772575,hlkus6s,qz47b2,bigDean636,It's almost unwatchable except the tv ratings ...,1,1.637541e+09,:Chiefs: Chiefs
772576,hlkvmqy,qz47b2,,[removed],-1,1.637542e+09,
772577,hlllv1i,qz47b2,Commercial-Yak-8450,Ok my fault we were missing the number 2 ranke...,1,1.637554e+09,
772578,hlm6a8i,qz47b2,,[deleted],1,1.637567e+09,


## 1. Process Author Flairs

This process transforms author flairs from ":team: team" to "team".
This featured was introduced in the enhanced get_comments() function, but was not in the original table.
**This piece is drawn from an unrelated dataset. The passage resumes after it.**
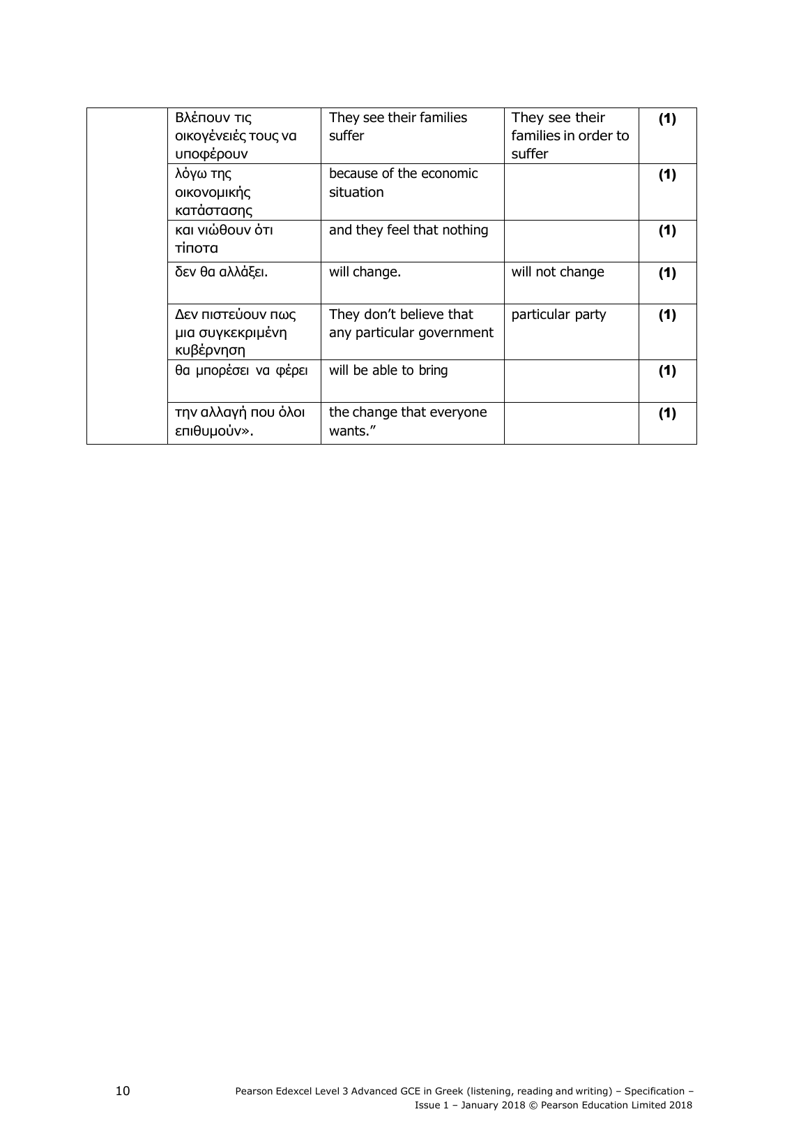 PEARSON EDEXCEL A LEVEL Greek PAPER 1 2023 MARK SCHEME (9GK0/01: Translation into English, Reading Comprehension and Writing (research task))

Thus this process queries all pre-existing comments, processes the author flair, and updates each observation in the dataframe, replacing the raw author_flair data.

In [7]:
comments_df['author_flair'] = comments_df['author_flair'].apply(lambda flair: nfl_gamethreads.process_flair(flair))

In [11]:
# confirm there are only 34 options (32 teams plus 'nfl' plus 'none')
len(comments_df['author_flair'].unique().tolist())

34

In [12]:
# save to SQL db, overwriting raw data (which is also saved in /Data as a backup measure)
comments_df.to_sql(name='comments', con=conn, if_exists='replace', index=False)

772580

## 2. Add Polarity and Subjectivity Fields to Comments DB by Default

The original batch of comments were queried and stored under the assumption that text analysis would happen dynamically in exploratory analysis. However, the time consuming nature of this given the volume of comments suggests it best to complete this process at ingestion. Thus, two updates must be made.

1. The comments table needs two float columns added, one for polarity and one for subjectivity
2. Similar to above, the entire set of pre-existing comments needs to be run through analyze_text() and those new columns stored in the database.

In [14]:
with sqlite3.connect("nfl_gamethreads.db") as conn:
    c = conn.cursor()

    add_pol = '''ALTER TABLE comments
    ADD COLUMN polarity real;'''

    add_sub = '''ALTER TABLE comments
    ADD COLUMN subjectivity real;'''

    c.execute(add_pol)
    c.execute(add_sub)

    # pull in all submission ids that have previously been crawled
    comments_df = pd.read_sql_query("SELECT * FROM comments", conn)

In [16]:
comments_df_ta = nfl_gamethreads.analyze_text(comments_df, 'body')

In [18]:
comments_df_ta.to_sql(name='comments', con=conn, if_exists='replace', index=False)

772580